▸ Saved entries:
***

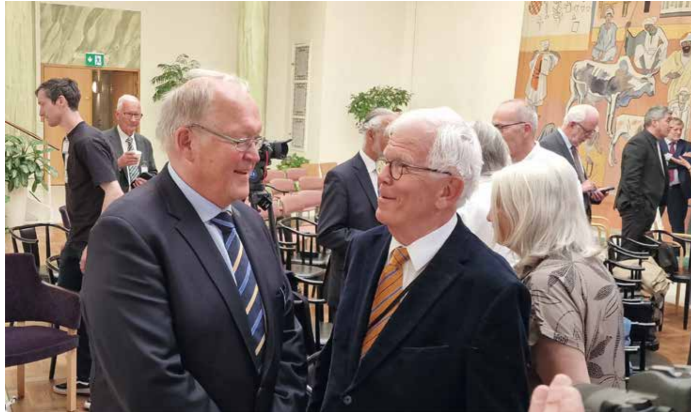
Göran Persson och Alf Svensson möttes i riksdagshuset när Israels 75-årsdag uppmärksammades.

Alf Svensson tackade sedan Göran Persson för ett mycket bra tal.
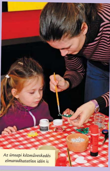
Az ünnepi kézműveskedés elmaradhatatlan idén is
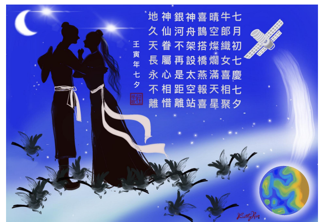
頌中國情人節“七夕”(詩與圖:程學敏)
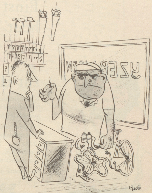
« -- und ußerdem en Nagel! »

In Atlanta kam ein Bub in den Drugstore, kaufte eine Kleinigkeit und bezahlte mit einem Zehndollar- schein. Der Verkäufer gab ihm den Schein zurück und sagte: «Damit hat man deinen Vater angeschmiert – der Schein ist falsch.» – «Wieso falsch?» entrüstete sich der Junge. «Mein Daddy macht sie doch selbst!» – So fing man Jack Mills, einen Notenfälscher, den die Polizei seit Jahren gesucht hatte. *
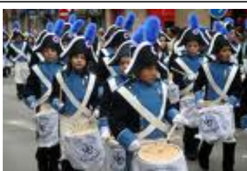
Tamborrada del día 2 según algunos
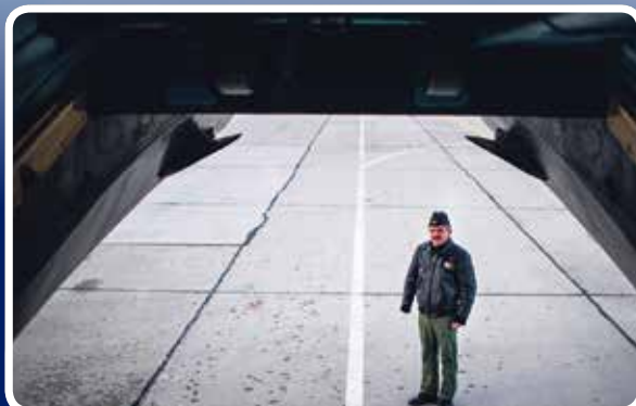
Az áttelepülés is komoly műszaki feladatot jelent
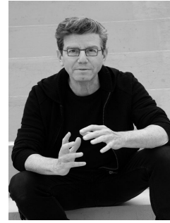
R.Carsen © t.de pera scaled

***

▸ TASK ITEM: An exact copy of every entry above is needed, minus the pictures.

▸ REPLY:
Göran Persson och Alf Svensson möttes i riksdagshuset när Israels 75-årsdag uppmärksammades.

Alf Svensson tackade sedan Göran Persson för ett mycket bra tal.
Az ünnepi kézműveskedés elmaradhatatlan idén is
頌中國情人節“七夕”(詩與圖:程學敏)
« -- und ußerdem en Nagel! »

In Atlanta kam ein Bub in den Drugstore, kaufte eine Kleinigkeit und bezahlte mit einem Zehndollar- schein. Der Verkäufer gab ihm den Schein zurück und sagte: «Damit hat man deinen Vater angeschmiert – der Schein ist falsch.» – «Wieso falsch?» entrüstete sich der Junge. «Mein Daddy macht sie doch selbst!» – So fing man Jack Mills, einen Notenfälscher, den die Polizei seit Jahren gesucht hatte. *
Tamborrada del día 2 según algunos
Az áttelepülés is komoly műszaki feladatot jelent
R.Carsen © t.de pera scaled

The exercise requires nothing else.